The Artima Developer Community
Sponsored Link

Articles Forum
Azul's Pauseless Garbage Collector

14 replies on 1 page. Most recent reply: Dec 23, 2010 1:29 PM by Gil Tene

Welcome Guest
  Sign In

Go back to the topic listing  Back to Topic List Click to reply to this topic  Reply to this Topic Click to search messages in this forum  Search Forum Click for a threaded view of the topic  Threaded View   
Previous Topic   Next Topic
Flat View: This topic has 14 replies on 1 page
Bill Venners

Posts: 2248
Nickname: bv
Registered: Jan, 2002

Azul's Pauseless Garbage Collector Posted: Dec 17, 2010 1:00 AM
Reply to this message Reply
Advertisement
Find out how Azul minimized garbage collection pauses in this interview with Azul CTO Gil Tene:

http://www.artima.com/lejava/articles/azul_pauseless_gc.html

What's your opinion of their algorithm? Do you have problems with garbage collection pauses, and if so, how have you dealt with those problems?


bug not

Posts: 16
Nickname: bugmenot2
Registered: May, 2005

Re: Azul's Pauseless Garbage Collector Posted: Dec 19, 2010 5:55 PM
Reply to this message Reply
How does this compare with other "fast" garbage collector's such as the Jamaica RTSJ JVM? (not quite a straight comparison as that's RTSJ rather than straight Java but still...)

Ted Lemon

Posts: 4
Nickname: abhayakara
Registered: Dec, 2010

Re: Azul's Pauseless Garbage Collector Posted: Dec 20, 2010 5:53 PM
Reply to this message Reply
You talk about fixing up references using a read barrier to trap the reference. I'm having trouble connecting the dots--presumably what happens is that you get a trap, and your machine state contains the address being referenced. But it doesn't contain the address of the object that contains the reference, does it? So how do you reconstruct that so that you can apply the fixup to the referencing object? Are you taking advantage of your knowledge of the internals of the JVM to do this, or am I missing something?

Achilleas Margaritis

Posts: 674
Nickname: achilleas
Registered: Feb, 2005

Re: Azul's Pauseless Garbage Collector Posted: Dec 21, 2010 7:53 AM
Reply to this message Reply
If I remember correctly, under 80x386, when a protection fault happens, the address that caused the invalid access is stored into a register.

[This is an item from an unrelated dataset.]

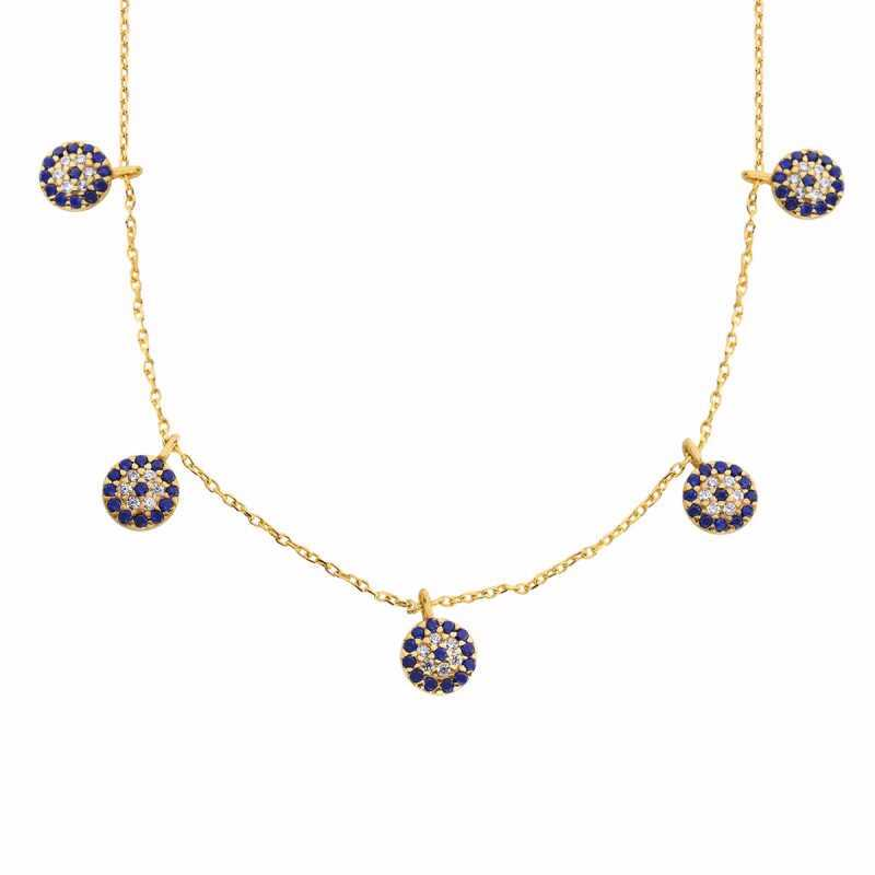 Silver Gold Evil Eye Luck Necklace for Women The silver evil eye bead is a model that you can easily use in daily life with its simple design. The evil eye bead protects you from evil eyes. The stones on this stylish silver necklace model are zircon. Gold plating is used to delay oxidation of the silver and preserve its shine for a long time. The average length of the chain, which is completely silver, is 45 cm. This evil eye luck necklace model is handmade. Due to silver and precious stones, there may be ± 10% deviation from the average product weight. Width: 0.70 cm Length: 0.70 cm Average weight: 3.50 gr

This is a nice trick, also done by the Boehm GC when incremental collection is enabled.

Ted Lemon

Posts: 4
Nickname: abhayakara
Registered: Dec, 2010

Re: Azul's Pauseless Garbage Collector Posted: Dec 21, 2010 9:04 AM
Reply to this message Reply
Achilleas, I'm probably just missing something obvious here, but the address that causes the fault is not the problem. It's the object from which that address was loaded that is the problem.

We already know that the object at address X has moved, and we faulted on address X, so we are able to determine a value Y (the object's new location) to substitute for X. But in order to correct the reference that caused the fault, we need to store Y in the object that now contains a reference to X. My question is how we get the address of that object, not how we get X.

Johannes Rudolph

Posts: 2
Nickname: gambistics
Registered: Dec, 2007

Re: Azul's Pauseless Garbage Collector Posted: Dec 21, 2010 10:51 AM
Reply to this message Reply
> But in order to correct the reference that caused the
> he fault, we need to store Y in the object that now
> contains a reference to X. My question is how we get the
> address of that object, not how we get X.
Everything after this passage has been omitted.